This is not the case of comprehensive chromatography (GCxGC). In the case of GCxGC, there is a second column connected with the first column by a modulator. The chemistry of the second column is usually different than the first column, some authors claims this difference as an orthogonal separation. Although, it can not be always achieved since the chemistry of both columns is not 100% opposite. Therefore, the second column is considered as a second chromatographic dimension. Thus, a single two-dimensional chromatogram can be described as a set of modulations $$k$$, where each modulation has a set of scans $$i$$. Then, a 2D chromatogram can be described as $$A_{i,k}$$.

The new structure dimensions ($$A_{i,k}$$) requires a different display layout than the most common XY-plot. There are two approaches to handle this issue: contour based plots or three dimensional plots. In the current package version, 3D plots are not supported. Even though, we provide contour based plots to visualize your chromatograms.

2 Understanding GCxGC class

The RGCxGC package creates a S4 data format, and one chromatogram can storage multiple information in a single R object. For example:

library(RGCxGC)
chrom_08 <- system.file("extdata", "08GB.cdf", package = "RGCxGC")
MTBLS08 <- read_chrom(chrom_08, mod_time = 5, verbose = F)
slotNames(MTBLS08)
## [1] "chromatogram" "time"         "name"         "mod_time"

the MTBLS08 chromatogram has four slots:

• chromatogram: Two-dimensional matrix
• time: the time range of the chromatographic run
• name: the chromatogram name
• mod_time: the modulation time of the second dimension.

In this library, the RGCxGC::plot() function will retrieve the chromatogram slot in order to plot the chromatogram. Additionally, the plot functions also uses the time and mod_time slot to set the plot axis.

3 Basic chromatogram plot

The following chromatogram is retrieved from MetaboLights database with the MTBLS579 identifier, the file names is 08_GC.cdf.

The provided RGCxGC::plot() is built in the graphics::contour and graphics::filled.contour() functions.
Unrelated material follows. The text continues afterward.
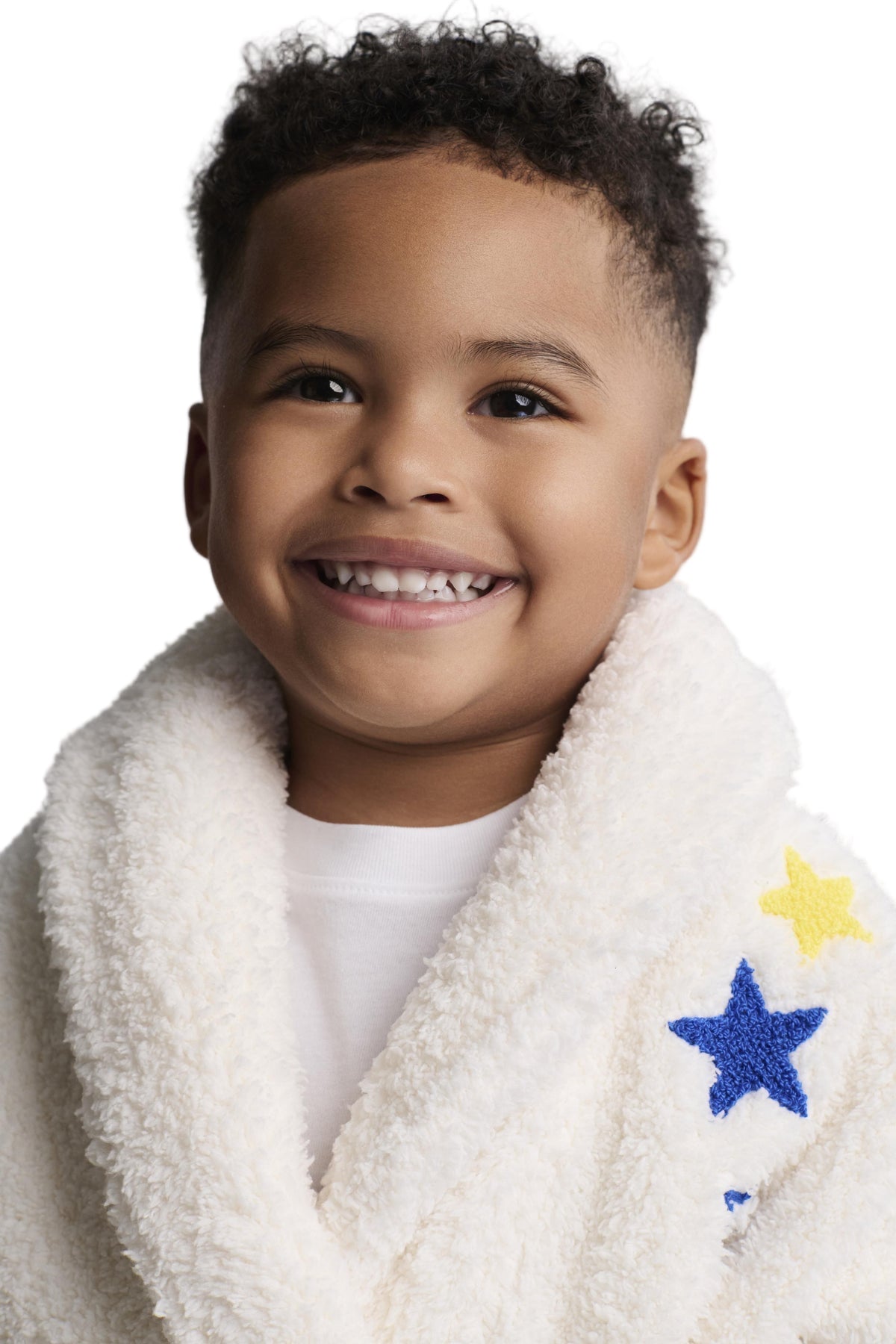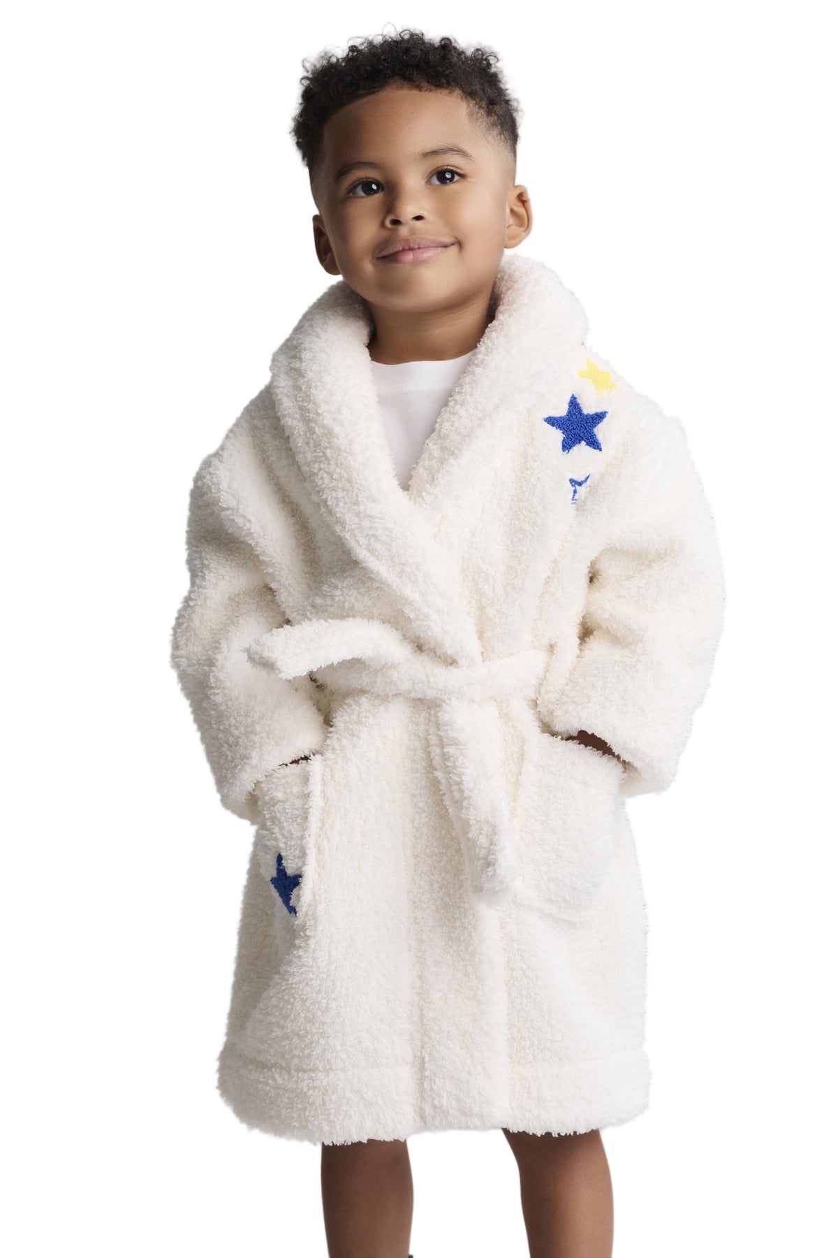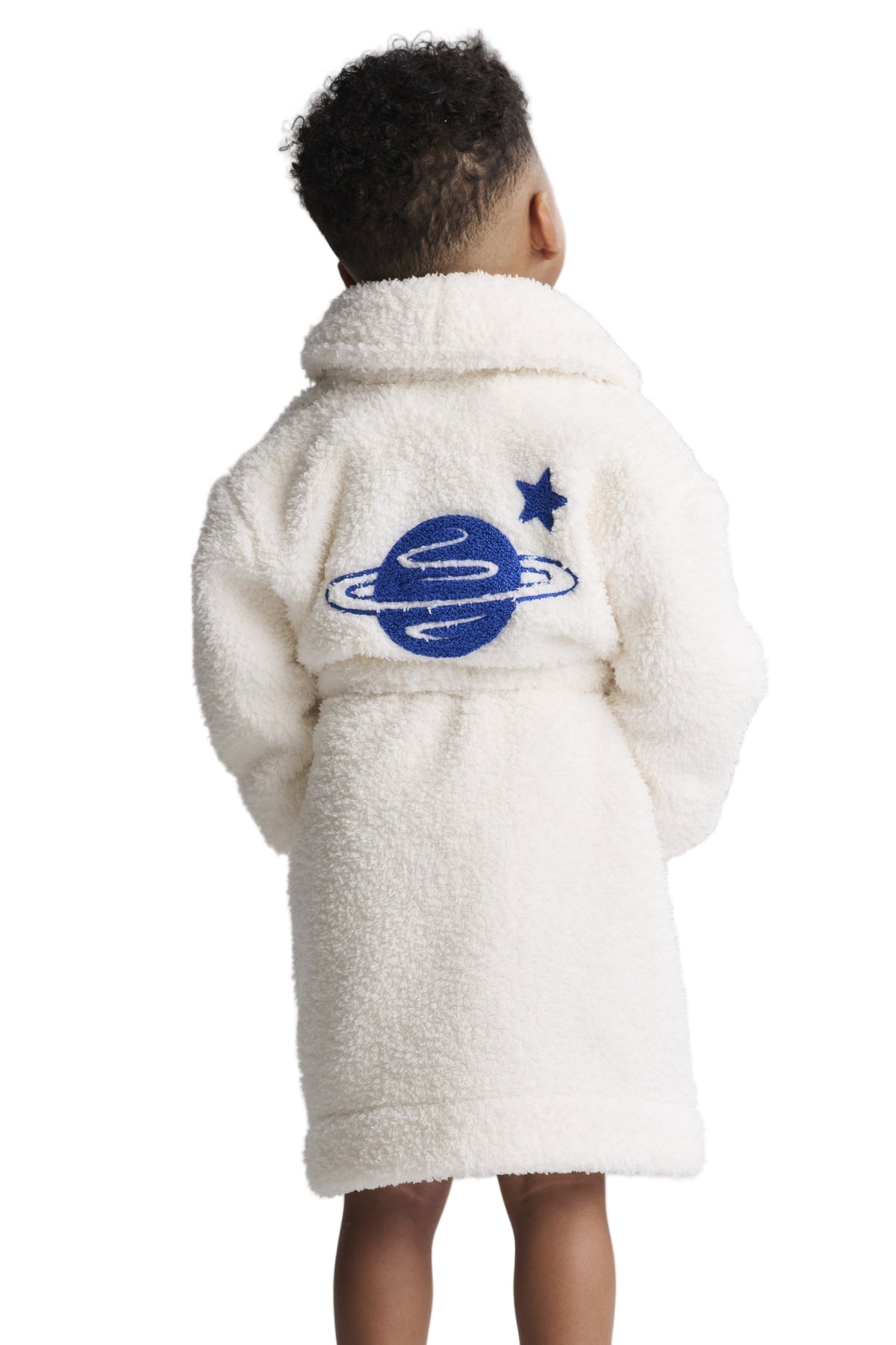 Barefoot Dreams Cream Brushed Youth Embroidered Planet Robe

By default, the RGCxGC::plot() will use the filled contour approach.

plot(MTBLS08)

The color palette of this chromatogram might not be suitable. One of the most popular color palette employed in chromatogram visualization comes from MATLAB. The colorRamps package includes two palettes to overcome this issue, the matlab.like and matlab.like2 functions.
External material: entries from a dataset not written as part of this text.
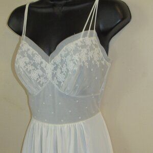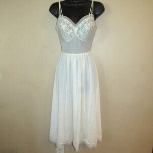 Vintage 50’s Vanity Fair Midi Slip Dress Gown Sz 32 Tricot Nylon Embroidered Dainty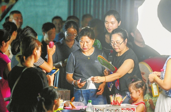 8月6日晚,桃源县茶庵铺镇篮球公园,村民在赛场外购买当地美食。 |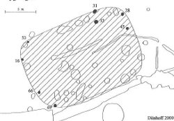 I 1998 blei det funne åtte stolpar på felt I, som kan vere del av ein samanhengande struktur. Sjølv om stolpar ofte blir assosiert med bygningar, er det lite truleg at dette dreier seg om ein bygning. Arealet som er innramma er 18 x 12 meter, og ein huskonstruksjon her ville truleg ha krevd ein sterkare stolpekonstruksjon. Det er derfor meir sannsynleg at det dreier seg om ein dyreinnhegning, der til dømes sau kan ha vore gjerda inn. Denne innhegninga kan stamme frå eldre jernalder (ca. 500 f.Kr. – ca. 570 e.Kr.).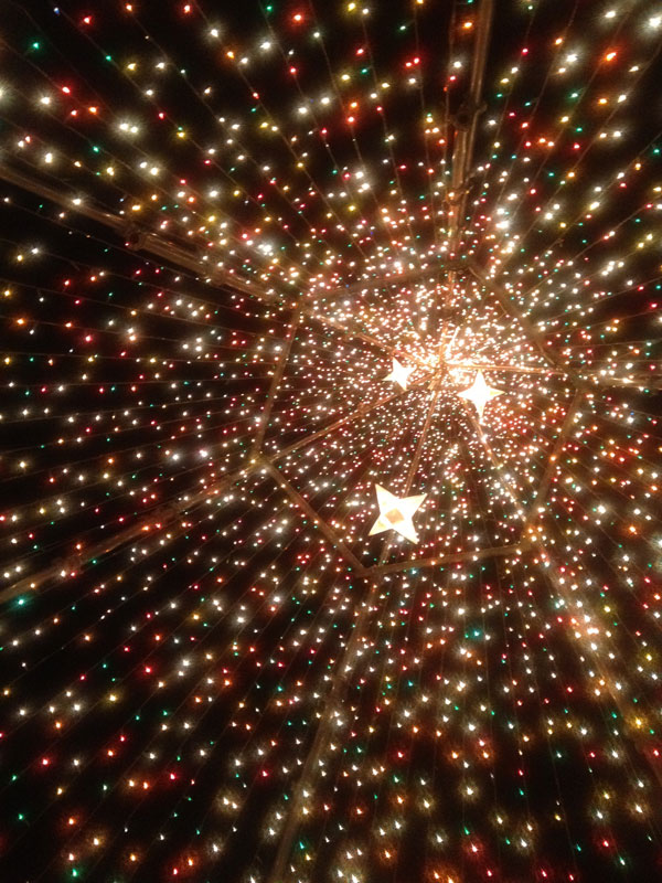 ツリーの中に入って真下からてっぺんを写してみました。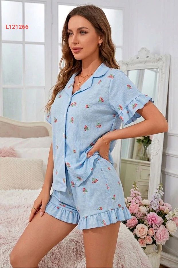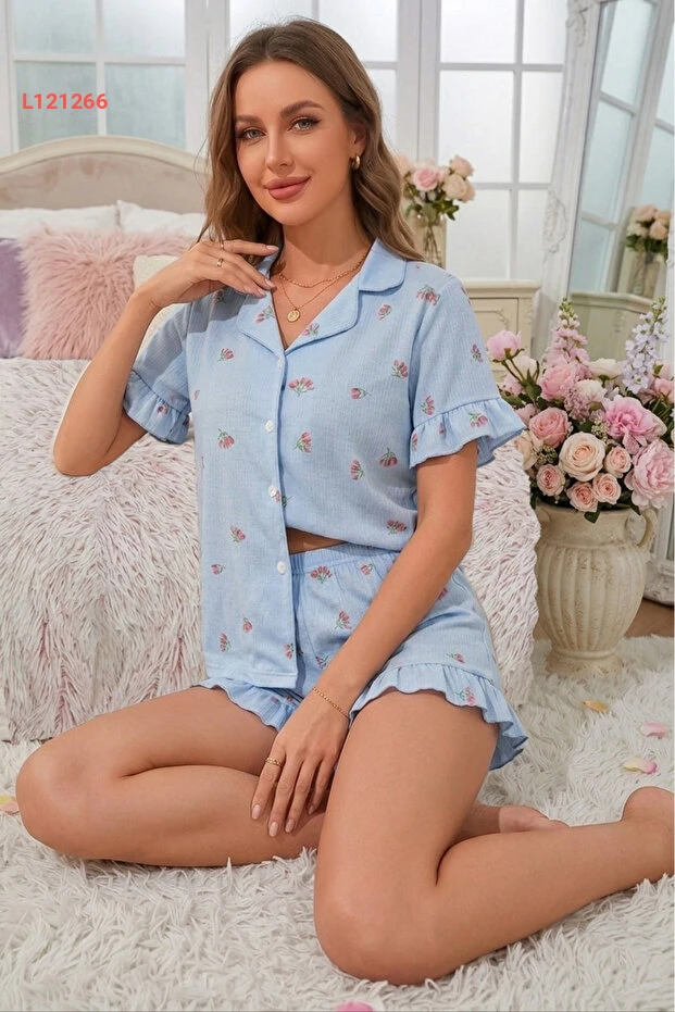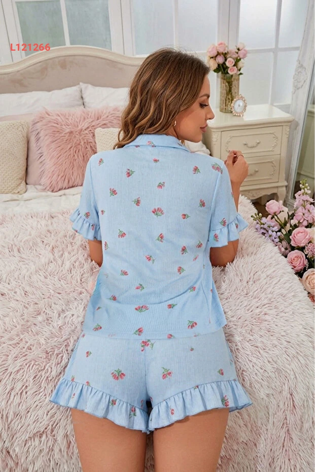 بيجامة قصيرة زر دوجم مع نقوش زهور التوليب من بيلا نوتي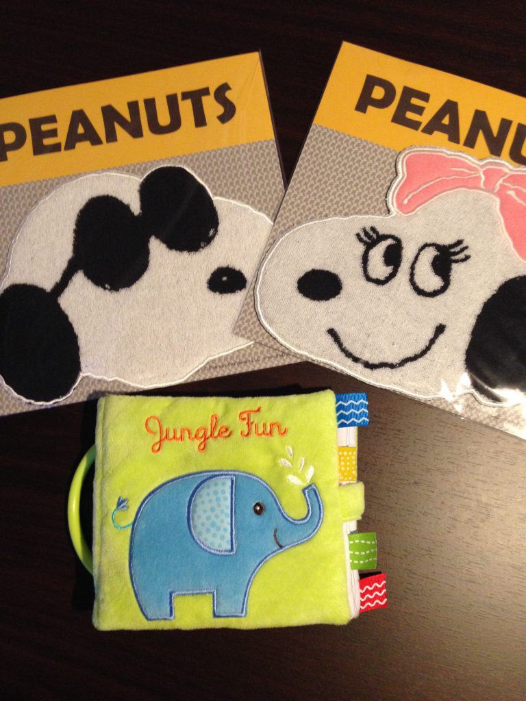 このおもちゃ、持つとカサカサとビニールの音がして、横のタグが赤ちゃんでも掴みやすくなっていました。

Before to change the chromatogram color palette, we would like to make emphasis that the back-end function employed in this plot, is the filled.contour function. To change the palette, we have to provide the function that creates the palette.

library(colorRamps)
plot(MTBLS08, type = "f", color.palette = matlab.like,
main =  "matlab.like")

plot(MTBLS08, type = "f", color.palette = matlab.like2,
main =  "matlab.like2")

We spot some similarities between this two palettes. First of all, the palette button and upper limits are very similar. Even though, the matlab.like2 function has more color breaks, what in this case, makes the chromatogram to look better. For example, in the matlab.like palette the variation of lower signals intensities is obscured by a blue degradation. On the other hand, the matlab.like palette highlight the background variation. Moreover, the color palette is highly dependent of the chromatogram as we are going to detail in the following sections.

The MS detector comes in some flavors, which two of the most common mass analyzers are Time of flight and Quadrupole. They are very different about how they work. For example, TOF mas analyzer can acquire spectra in high resolution meanwhile the quadrupole mass analyzer is not capable of. Additionally, the sampling rate achieved by TOF is higher than quadrupole. Therefore, chromatograms acquired with TOF mass analyzer are usually dimensionally higher ($$> i$$).

The previous chromatogram was acquired with TOF mass analyzer, thus TIC intensities are about $$4x10^5$$ and background intensities are about $$1x10^5$$. This is not the case of the quadrupole.

The following chromatogram is retrieved from the package article. In contrast with the previous chromatogram, the next chromatogram was acquired with a quadrupole mas analyzer.

myl_d5 <- system.file("extdata", "mylbd5.CDF", package = "RGCxGC")
myl <- read_chrom(myl_d5, mod_time = 5, sam_rate = 25, verbose = F)
plot(myl, color.palette = matlab.like2 )

Moreover, the chromatogram included in the paper is very different.

The first difference is the number of features presented in both chromatograms. In the second chromatogram there are much more features. Additionally, the peaks are traslocated and they are not in the same retention time in the second dimension.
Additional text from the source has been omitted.